Vicor modules help Saab UK innovate deep-sea exploration

20th June 2024
Paige West

Less than two years ago, two Saab remotely operated vehicles (ROVs) ventured over 3,000 metres into the icy waters of the Antarctic in search of Sir Ernest Shackleton’s ship, Endurance, which sank in 1915.

The tale of the British explorer is renowned for its remarkable leadership and endurance. Saab’s Seaeye ROVs played a crucial role in the mission, utilising advanced technology to locate, inspect, and film the wreck, thereby removing the need to put human lives at risk in deep-sea exploration.

Historically, commercial divers have faced significant dangers inspecting oil and gas pipelines, high-voltage electrical cables, wind turbines, and other essential underwater infrastructure. Saab has mitigated these risks by applying its deep-sea exploration expertise to commercial underwater applications.

With a commitment to safeguarding people and society, the Seaeye range of ROVs has been designed with agile and modular systems. Saab UK’s Seaeye systems are versatile, capable of performing a variety of tasks from observation and inspection to more complex operations like underwater maintenance.

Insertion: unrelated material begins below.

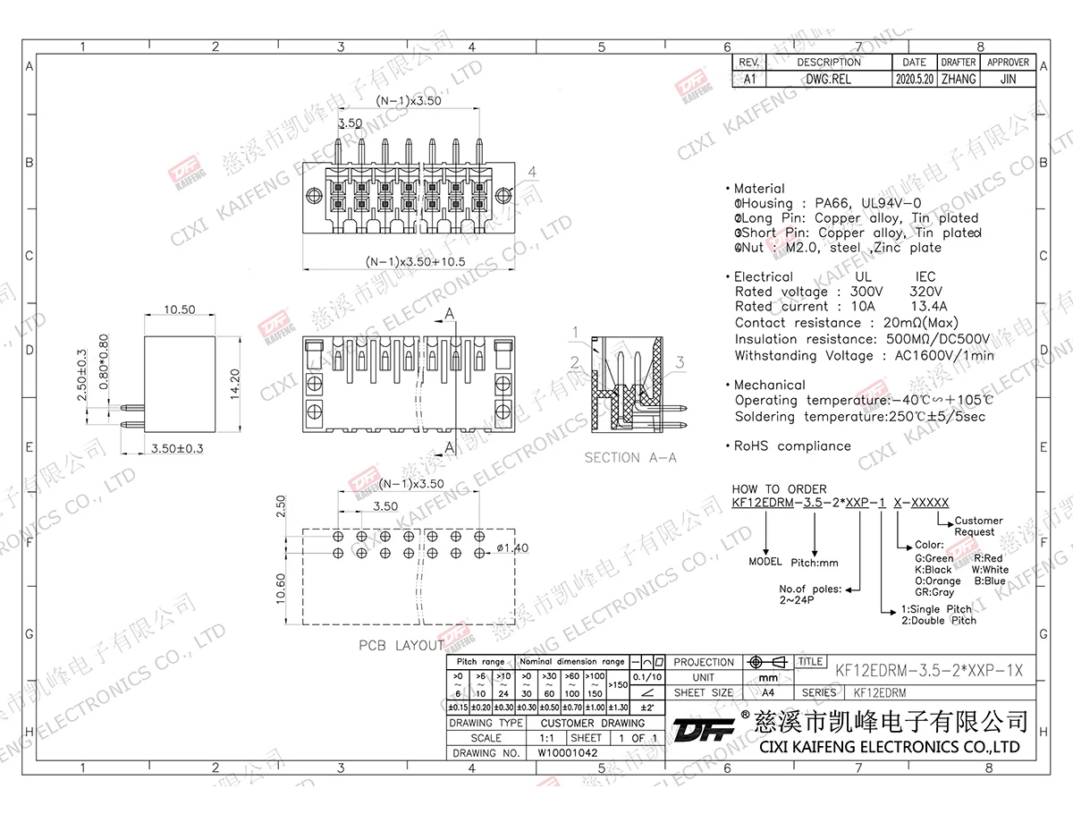 Pluggable Terminal Block MATERIAL:Latest drawing DownloadMATERIAL①Welding leg:copper alloy,Tinning②Housing : PA66,UL94V-0 ElectricalUL IEC Rated voltage150V 320V

This progression has led to the creation of the world's most advanced all-electric work-class ROV (eWROV), which combines versatility and manoeuvrability. Unlike traditional hydraulic ROVs, the eWROV eliminates the need for extensive hydraulic fluid, reducing environmental hazards.

The eWROV’s power converter must meet critical specifications for size, mass, and thermal dissipation, as the electronic systems are housed in sealed enclosures where space is limited and conventional cooling methods are not feasible. To meet these demands, Saab selected Vicor power modules for their high density and efficiency. These modules enable effective power distribution to various eWROV subsystems such as thrusters, manipulators, and onboard electronics. The use of Vicor power modules allows Saab to tailor Seaeye subsystems to industry-standard 24 and 48V levels required by onboard computers, sensors, video cameras, lights, and navigation equipment.